[PROBLEM DETAILS] Each entry should be set down again verbatim, with the images omitted.

[RECORD EXCERPTS]
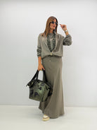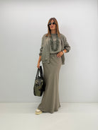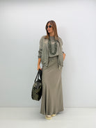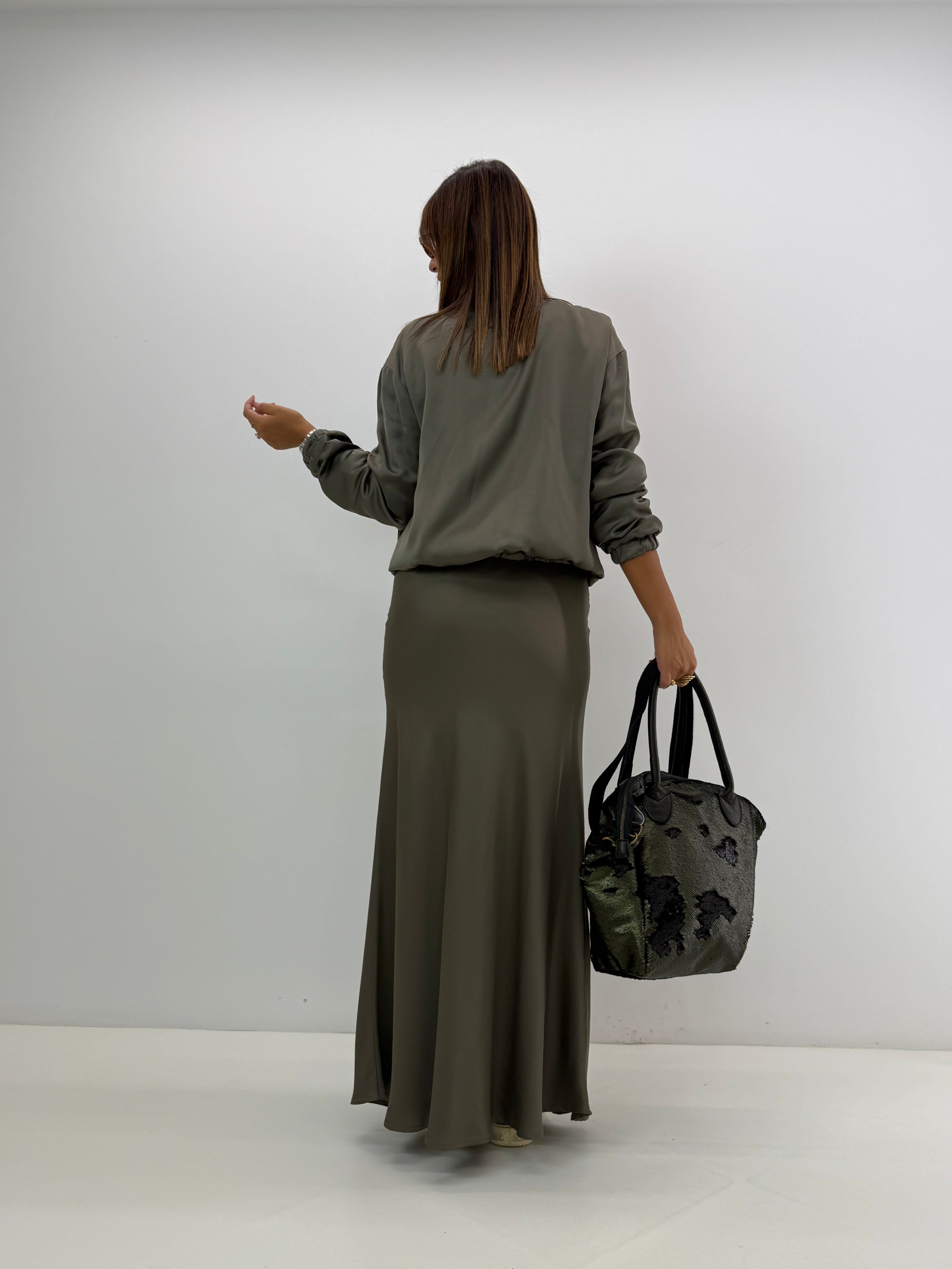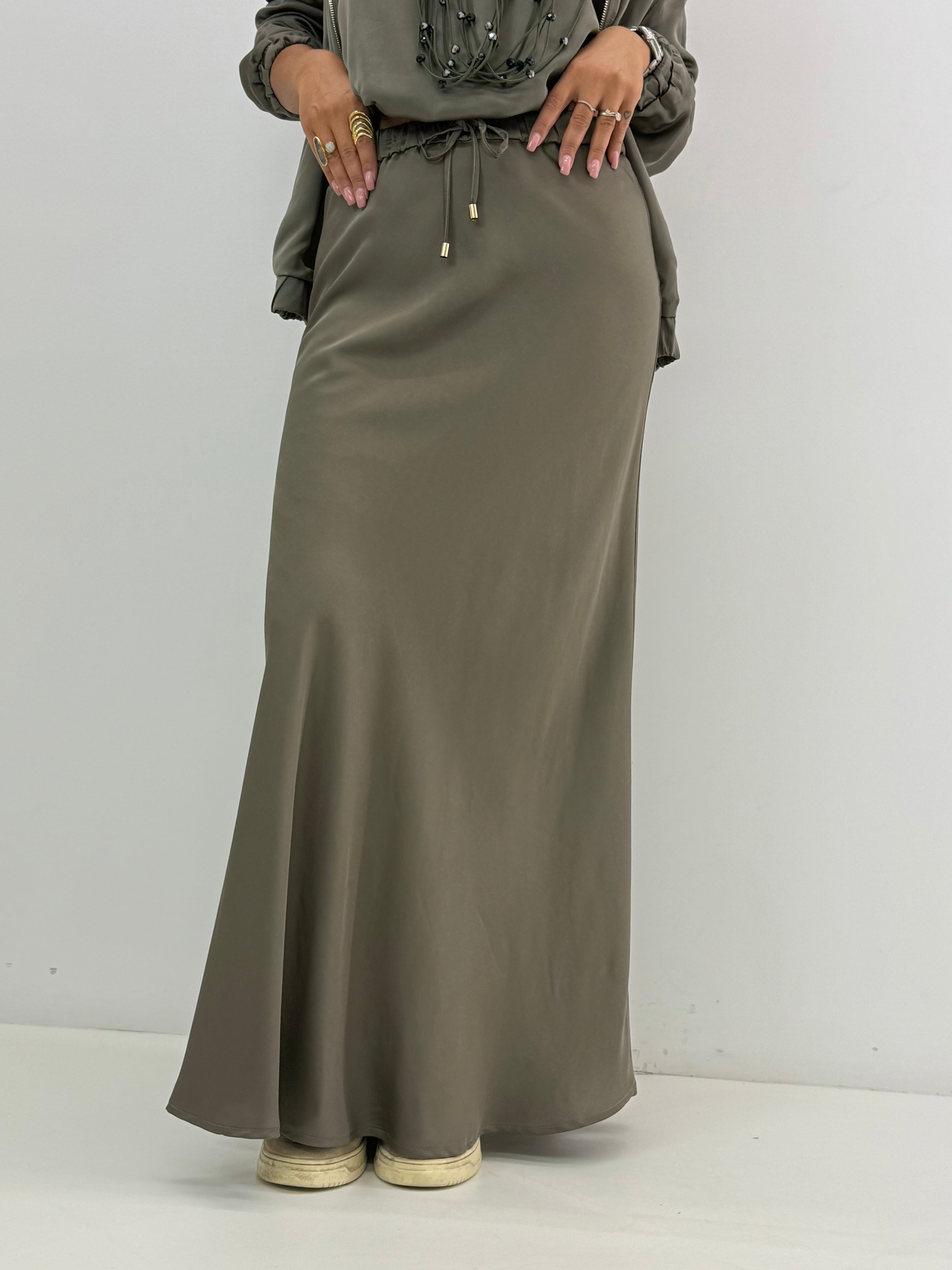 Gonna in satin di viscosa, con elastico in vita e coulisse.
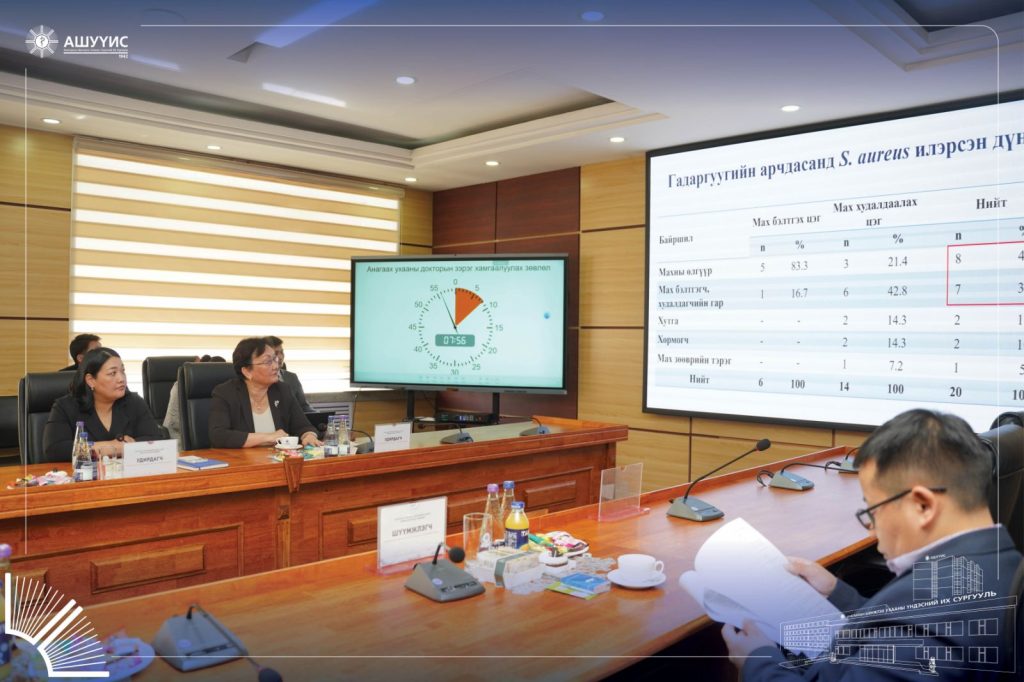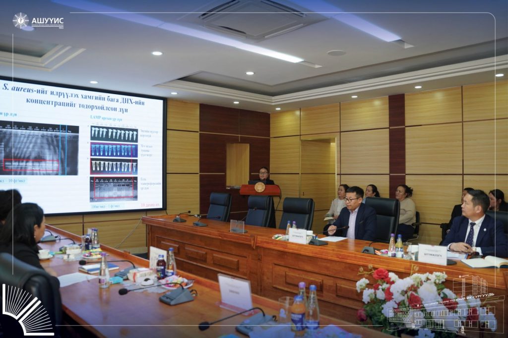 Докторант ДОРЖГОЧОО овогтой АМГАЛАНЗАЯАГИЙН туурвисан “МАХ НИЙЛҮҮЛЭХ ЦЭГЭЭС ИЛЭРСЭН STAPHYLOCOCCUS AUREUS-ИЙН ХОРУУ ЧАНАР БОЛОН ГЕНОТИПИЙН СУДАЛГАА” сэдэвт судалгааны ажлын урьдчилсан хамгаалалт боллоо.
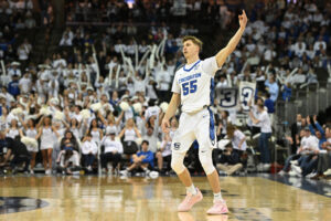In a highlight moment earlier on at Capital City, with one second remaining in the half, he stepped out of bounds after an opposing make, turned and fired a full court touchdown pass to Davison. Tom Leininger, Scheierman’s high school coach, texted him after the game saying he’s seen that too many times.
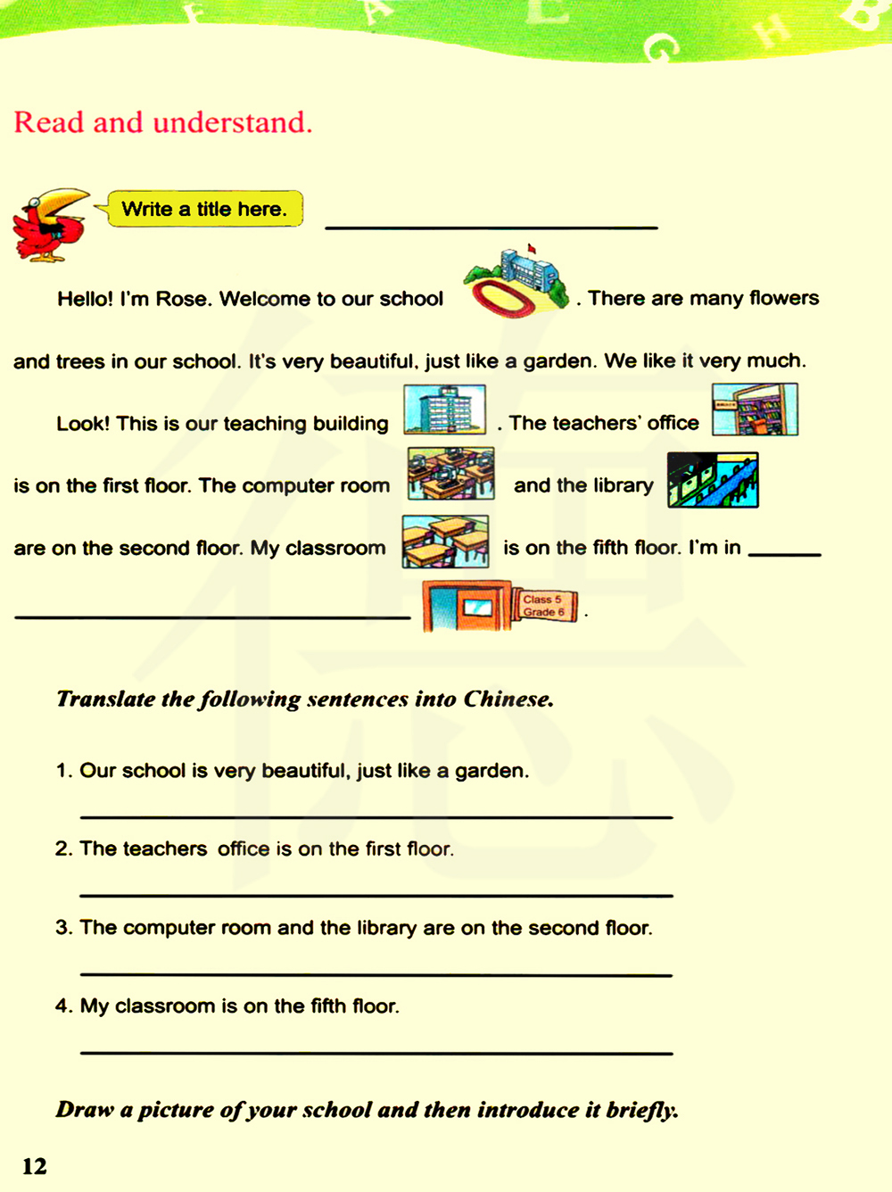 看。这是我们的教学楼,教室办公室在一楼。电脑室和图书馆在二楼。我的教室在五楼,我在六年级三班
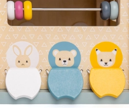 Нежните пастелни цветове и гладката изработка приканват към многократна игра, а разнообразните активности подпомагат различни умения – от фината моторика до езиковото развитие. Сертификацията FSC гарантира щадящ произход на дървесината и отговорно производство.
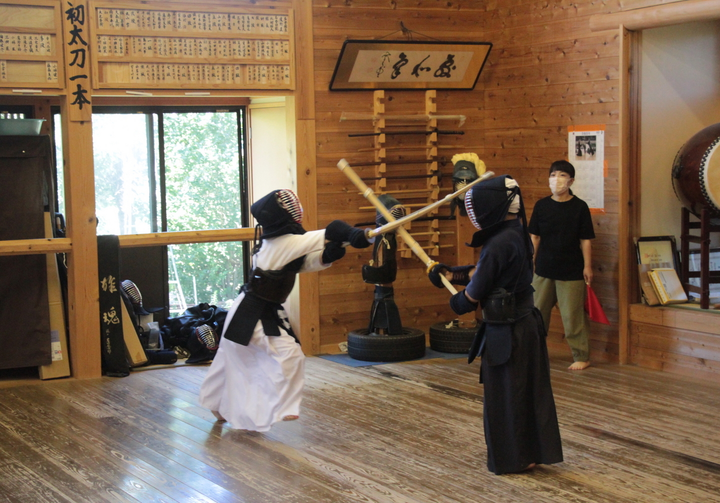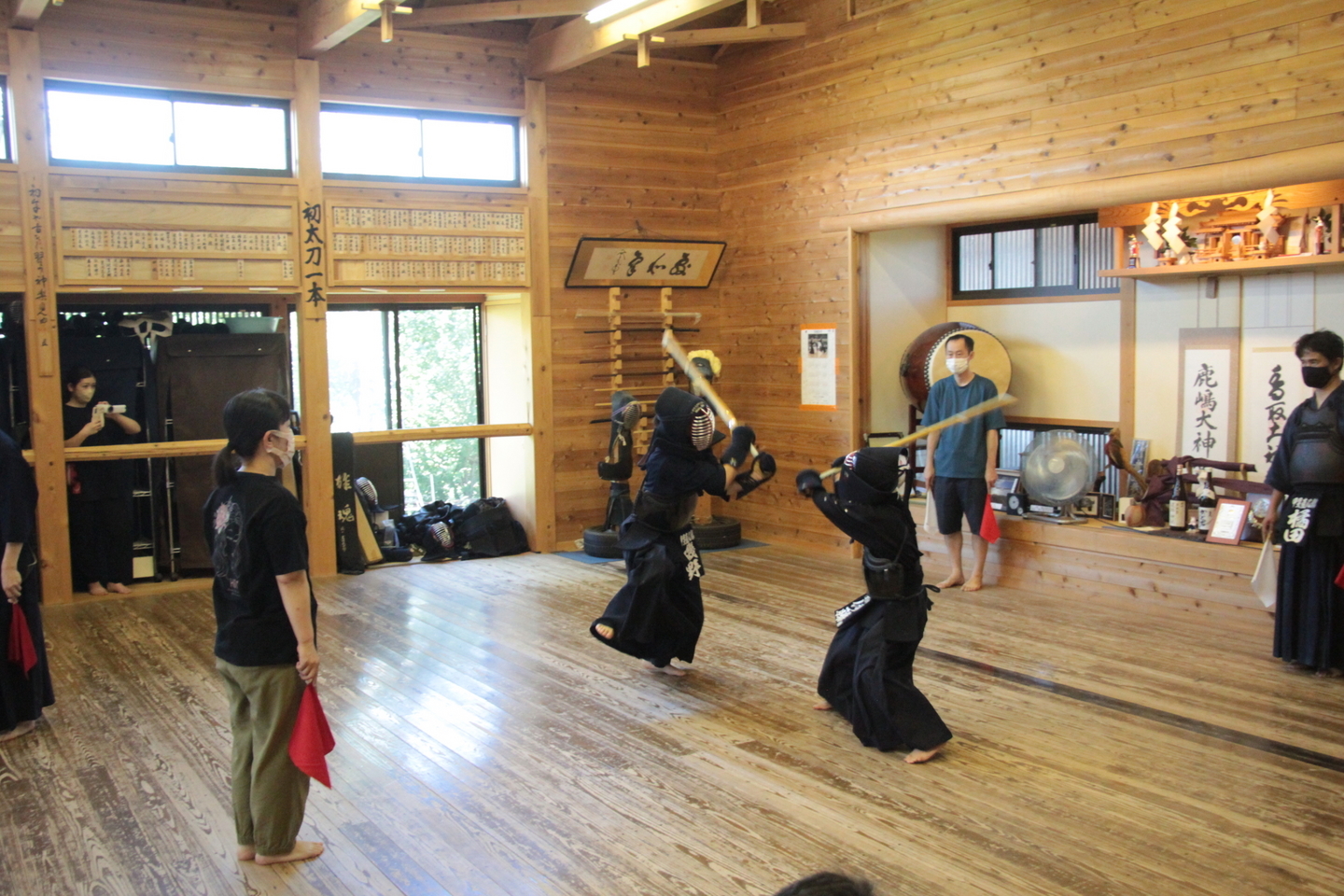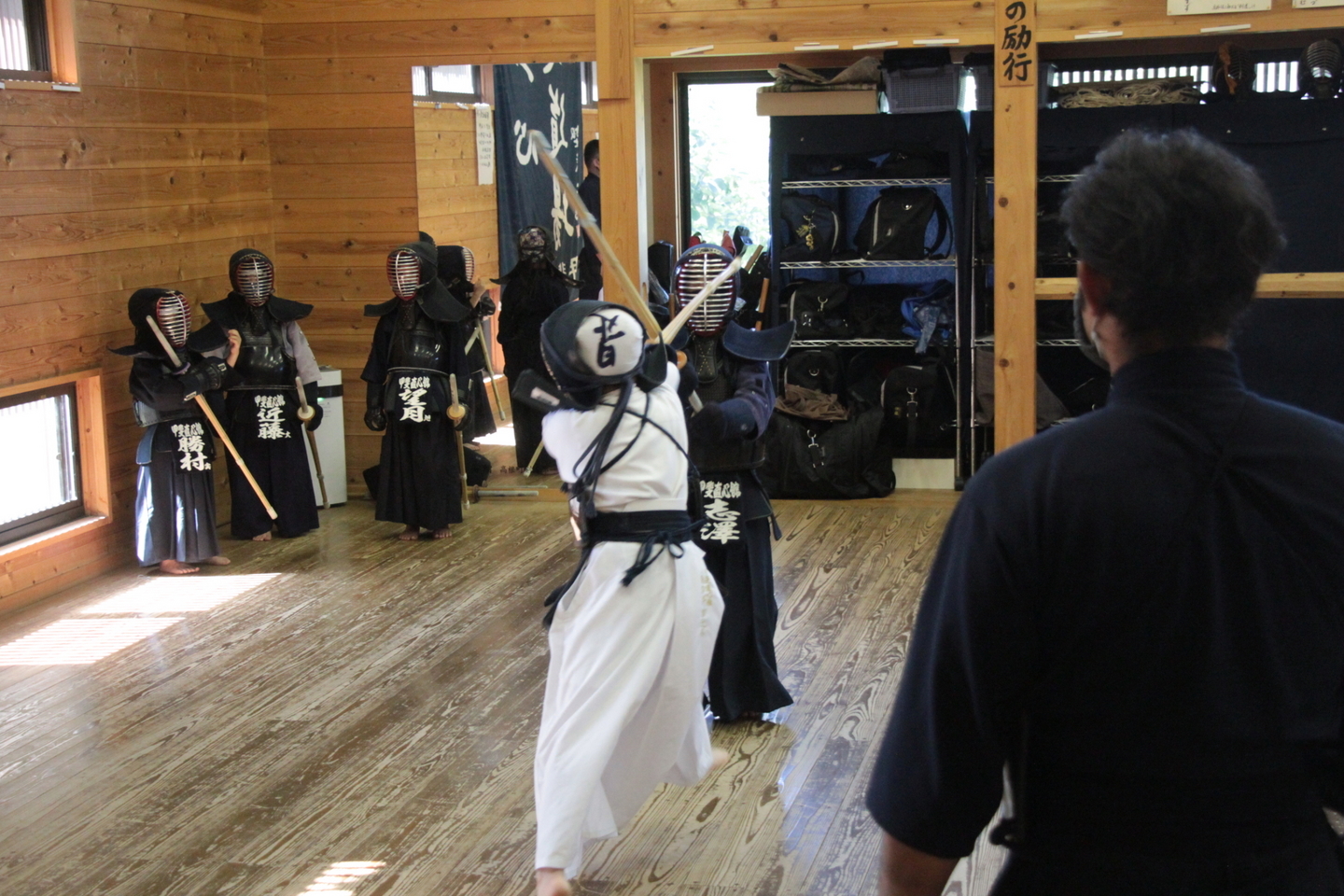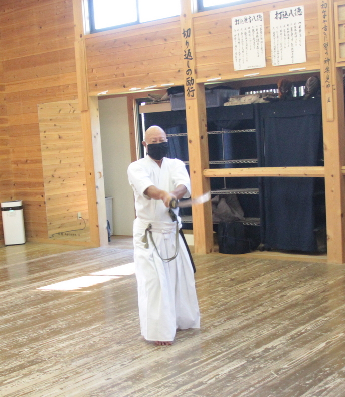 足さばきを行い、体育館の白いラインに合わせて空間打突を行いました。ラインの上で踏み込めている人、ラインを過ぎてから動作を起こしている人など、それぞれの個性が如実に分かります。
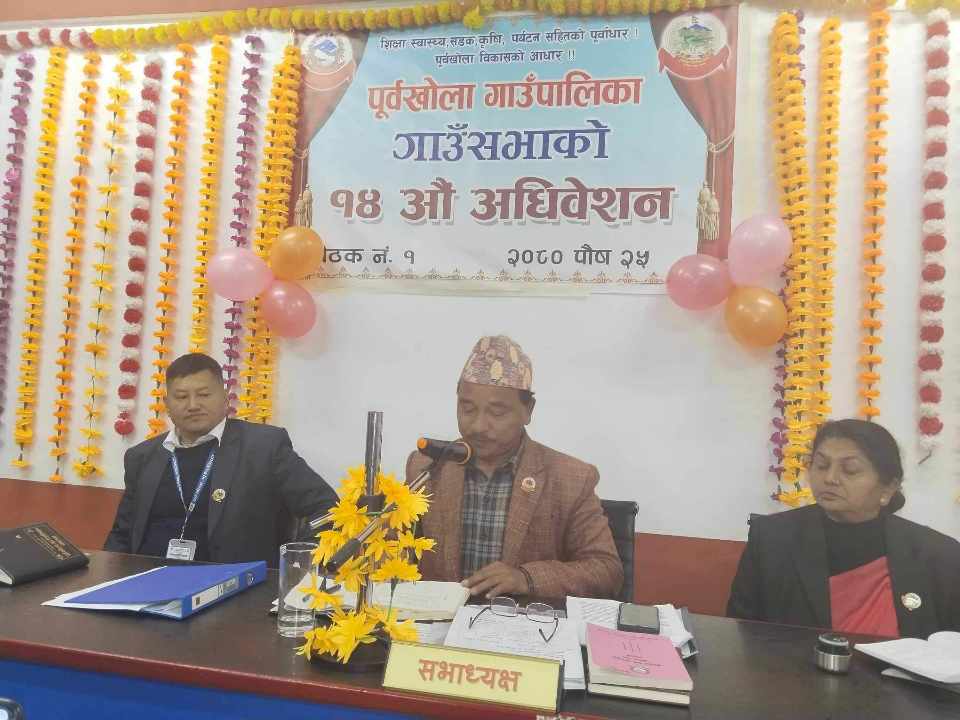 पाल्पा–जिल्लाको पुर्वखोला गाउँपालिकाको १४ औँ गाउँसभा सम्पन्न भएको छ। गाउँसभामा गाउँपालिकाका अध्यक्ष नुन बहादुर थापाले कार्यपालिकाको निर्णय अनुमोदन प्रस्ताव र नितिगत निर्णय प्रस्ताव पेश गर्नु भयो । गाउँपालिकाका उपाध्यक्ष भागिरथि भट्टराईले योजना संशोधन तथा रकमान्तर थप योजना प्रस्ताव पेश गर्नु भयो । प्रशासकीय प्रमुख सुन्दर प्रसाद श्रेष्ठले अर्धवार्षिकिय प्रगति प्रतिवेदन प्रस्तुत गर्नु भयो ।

[YOUR SOLUTION]
 Gonna in satin di viscosa, con elastico in vita e coulisse.
 Докторант ДОРЖГОЧОО овогтой АМГАЛАНЗАЯАГИЙН туурвисан “МАХ НИЙЛҮҮЛЭХ ЦЭГЭЭС ИЛЭРСЭН STAPHYLOCOCCUS AUREUS-ИЙН ХОРУУ ЧАНАР БОЛОН ГЕНОТИПИЙН СУДАЛГАА” сэдэвт судалгааны ажлын урьдчилсан хамгаалалт боллоо.
In a highlight moment earlier on at Capital City, with one second remaining in the half, he stepped out of bounds after an opposing make, turned and fired a full court touchdown pass to Davison. Tom Leininger, Scheierman’s high school coach, texted him after the game saying he’s seen that too many times.
 看。这是我们的教学楼,教室办公室在一楼。电脑室和图书馆在二楼。我的教室在五楼,我在六年级三班
 Нежните пастелни цветове и гладката изработка приканват към многократна игра, а разнообразните активности подпомагат различни умения – от фината моторика до езиковото развитие. Сертификацията FSC гарантира щадящ произход на дървесината и отговорно производство.
 足さばきを行い、体育館の白いラインに合わせて空間打突を行いました。ラインの上で踏み込めている人、ラインを過ぎてから動作を起こしている人など、それぞれの個性が如実に分かります。
 पाल्पा–जिल्लाको पुर्वखोला गाउँपालिकाको १४ औँ गाउँसभा सम्पन्न भएको छ। गाउँसभामा गाउँपालिकाका अध्यक्ष नुन बहादुर थापाले कार्यपालिकाको निर्णय अनुमोदन प्रस्ताव र नितिगत निर्णय प्रस्ताव पेश गर्नु भयो । गाउँपालिकाका उपाध्यक्ष भागिरथि भट्टराईले योजना संशोधन तथा रकमान्तर थप योजना प्रस्ताव पेश गर्नु भयो । प्रशासकीय प्रमुख सुन्दर प्रसाद श्रेष्ठले अर्धवार्षिकिय प्रगति प्रतिवेदन प्रस्तुत गर्नु भयो ।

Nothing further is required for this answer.